---- Listed entries

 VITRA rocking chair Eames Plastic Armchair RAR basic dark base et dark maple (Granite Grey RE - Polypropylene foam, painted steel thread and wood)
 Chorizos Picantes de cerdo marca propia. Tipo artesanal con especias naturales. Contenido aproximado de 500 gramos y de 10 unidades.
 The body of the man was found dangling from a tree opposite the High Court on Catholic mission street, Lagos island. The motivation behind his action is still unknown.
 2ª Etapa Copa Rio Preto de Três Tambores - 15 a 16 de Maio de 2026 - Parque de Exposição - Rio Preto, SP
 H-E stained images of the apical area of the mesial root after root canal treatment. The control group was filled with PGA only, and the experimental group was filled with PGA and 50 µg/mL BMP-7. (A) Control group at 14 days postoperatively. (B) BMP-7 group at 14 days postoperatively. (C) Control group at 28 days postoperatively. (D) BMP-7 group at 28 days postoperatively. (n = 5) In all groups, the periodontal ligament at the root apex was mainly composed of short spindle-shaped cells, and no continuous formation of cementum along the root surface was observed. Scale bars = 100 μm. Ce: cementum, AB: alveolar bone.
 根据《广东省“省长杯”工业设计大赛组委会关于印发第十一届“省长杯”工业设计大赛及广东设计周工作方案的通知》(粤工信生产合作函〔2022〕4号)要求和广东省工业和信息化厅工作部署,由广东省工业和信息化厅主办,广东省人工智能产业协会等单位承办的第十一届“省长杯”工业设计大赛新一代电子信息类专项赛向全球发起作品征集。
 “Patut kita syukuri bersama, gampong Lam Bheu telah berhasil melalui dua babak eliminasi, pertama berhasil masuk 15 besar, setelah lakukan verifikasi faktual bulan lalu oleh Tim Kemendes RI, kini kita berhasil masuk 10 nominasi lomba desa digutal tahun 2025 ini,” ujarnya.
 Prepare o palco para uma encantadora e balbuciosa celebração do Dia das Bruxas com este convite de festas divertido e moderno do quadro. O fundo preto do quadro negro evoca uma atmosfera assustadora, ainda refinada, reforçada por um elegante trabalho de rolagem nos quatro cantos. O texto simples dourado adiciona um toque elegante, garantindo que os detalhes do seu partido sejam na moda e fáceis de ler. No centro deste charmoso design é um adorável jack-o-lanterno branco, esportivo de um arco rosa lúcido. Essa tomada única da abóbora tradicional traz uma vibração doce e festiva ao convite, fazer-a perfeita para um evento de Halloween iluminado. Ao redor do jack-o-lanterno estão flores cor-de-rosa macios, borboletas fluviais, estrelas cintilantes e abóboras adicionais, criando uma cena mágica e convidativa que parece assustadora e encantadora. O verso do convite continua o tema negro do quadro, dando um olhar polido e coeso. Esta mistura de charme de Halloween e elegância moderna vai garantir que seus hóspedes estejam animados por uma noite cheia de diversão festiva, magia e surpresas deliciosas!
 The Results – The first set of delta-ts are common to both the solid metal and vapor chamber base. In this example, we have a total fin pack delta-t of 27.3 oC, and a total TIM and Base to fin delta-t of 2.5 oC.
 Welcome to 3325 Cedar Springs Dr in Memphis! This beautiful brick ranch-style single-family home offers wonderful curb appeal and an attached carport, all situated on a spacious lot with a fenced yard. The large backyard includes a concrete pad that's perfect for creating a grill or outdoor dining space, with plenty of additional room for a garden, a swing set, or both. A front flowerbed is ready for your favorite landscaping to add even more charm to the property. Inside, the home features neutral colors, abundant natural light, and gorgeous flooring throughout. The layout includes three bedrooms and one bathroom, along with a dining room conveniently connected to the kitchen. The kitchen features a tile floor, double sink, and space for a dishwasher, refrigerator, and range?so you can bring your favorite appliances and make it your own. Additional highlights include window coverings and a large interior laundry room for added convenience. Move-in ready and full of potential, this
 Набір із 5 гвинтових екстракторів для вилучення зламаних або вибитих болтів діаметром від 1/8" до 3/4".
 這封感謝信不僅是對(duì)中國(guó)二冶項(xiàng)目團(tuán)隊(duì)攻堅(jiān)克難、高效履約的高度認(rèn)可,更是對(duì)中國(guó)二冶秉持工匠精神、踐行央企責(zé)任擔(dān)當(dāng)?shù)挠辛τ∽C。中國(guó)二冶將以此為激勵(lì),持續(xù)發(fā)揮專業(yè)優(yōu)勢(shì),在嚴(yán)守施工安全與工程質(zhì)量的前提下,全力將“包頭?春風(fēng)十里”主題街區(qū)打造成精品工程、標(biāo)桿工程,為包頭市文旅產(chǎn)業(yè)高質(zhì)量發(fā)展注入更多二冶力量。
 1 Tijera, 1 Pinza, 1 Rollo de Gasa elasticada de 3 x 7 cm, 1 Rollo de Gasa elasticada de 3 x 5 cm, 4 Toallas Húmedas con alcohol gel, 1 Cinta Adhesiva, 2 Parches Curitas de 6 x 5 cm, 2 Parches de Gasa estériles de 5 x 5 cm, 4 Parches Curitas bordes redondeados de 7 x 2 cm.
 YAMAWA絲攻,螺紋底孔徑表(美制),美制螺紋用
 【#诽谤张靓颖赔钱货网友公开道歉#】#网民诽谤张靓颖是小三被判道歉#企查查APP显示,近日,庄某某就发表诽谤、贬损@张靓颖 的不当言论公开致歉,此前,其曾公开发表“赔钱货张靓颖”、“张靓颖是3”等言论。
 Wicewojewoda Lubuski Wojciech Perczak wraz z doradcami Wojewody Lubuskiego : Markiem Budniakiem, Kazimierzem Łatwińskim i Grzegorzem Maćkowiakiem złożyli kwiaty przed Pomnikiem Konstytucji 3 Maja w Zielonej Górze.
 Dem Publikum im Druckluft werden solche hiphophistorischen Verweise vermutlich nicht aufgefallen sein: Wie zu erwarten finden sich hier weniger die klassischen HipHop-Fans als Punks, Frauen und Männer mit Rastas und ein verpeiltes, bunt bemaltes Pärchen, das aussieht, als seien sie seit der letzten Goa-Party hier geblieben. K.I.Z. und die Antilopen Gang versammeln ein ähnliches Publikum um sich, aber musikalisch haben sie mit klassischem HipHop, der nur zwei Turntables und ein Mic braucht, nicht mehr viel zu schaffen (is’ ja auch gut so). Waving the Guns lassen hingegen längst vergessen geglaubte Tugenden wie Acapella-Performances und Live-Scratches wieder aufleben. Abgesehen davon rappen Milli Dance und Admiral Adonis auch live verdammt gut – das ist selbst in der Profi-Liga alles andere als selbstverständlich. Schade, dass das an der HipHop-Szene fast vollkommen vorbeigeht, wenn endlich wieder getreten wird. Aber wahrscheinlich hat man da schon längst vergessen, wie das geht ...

--------

▸ **What the task requires**
Give back the records above exactly, limited to the lines between the one holding "2ª Etapa Copa" and the one holding "syukuri bersama, gampong", inclusive.

▸ **Task output**
 2ª Etapa Copa Rio Preto de Três Tambores - 15 a 16 de Maio de 2026 - Parque de Exposição - Rio Preto, SP
 H-E stained images of the apical area of the mesial root after root canal treatment. The control group was filled with PGA only, and the experimental group was filled with PGA and 50 µg/mL BMP-7. (A) Control group at 14 days postoperatively. (B) BMP-7 group at 14 days postoperatively. (C) Control group at 28 days postoperatively. (D) BMP-7 group at 28 days postoperatively. (n = 5) In all groups, the periodontal ligament at the root apex was mainly composed of short spindle-shaped cells, and no continuous formation of cementum along the root surface was observed. Scale bars = 100 μm. Ce: cementum, AB: alveolar bone.
 根据《广东省“省长杯”工业设计大赛组委会关于印发第十一届“省长杯”工业设计大赛及广东设计周工作方案的通知》(粤工信生产合作函〔2022〕4号)要求和广东省工业和信息化厅工作部署,由广东省工业和信息化厅主办,广东省人工智能产业协会等单位承办的第十一届“省长杯”工业设计大赛新一代电子信息类专项赛向全球发起作品征集。
 “Patut kita syukuri bersama, gampong Lam Bheu telah berhasil melalui dua babak eliminasi, pertama berhasil masuk 15 besar, setelah lakukan verifikasi faktual bulan lalu oleh Tim Kemendes RI, kini kita berhasil masuk 10 nominasi lomba desa digutal tahun 2025 ini,” ujarnya.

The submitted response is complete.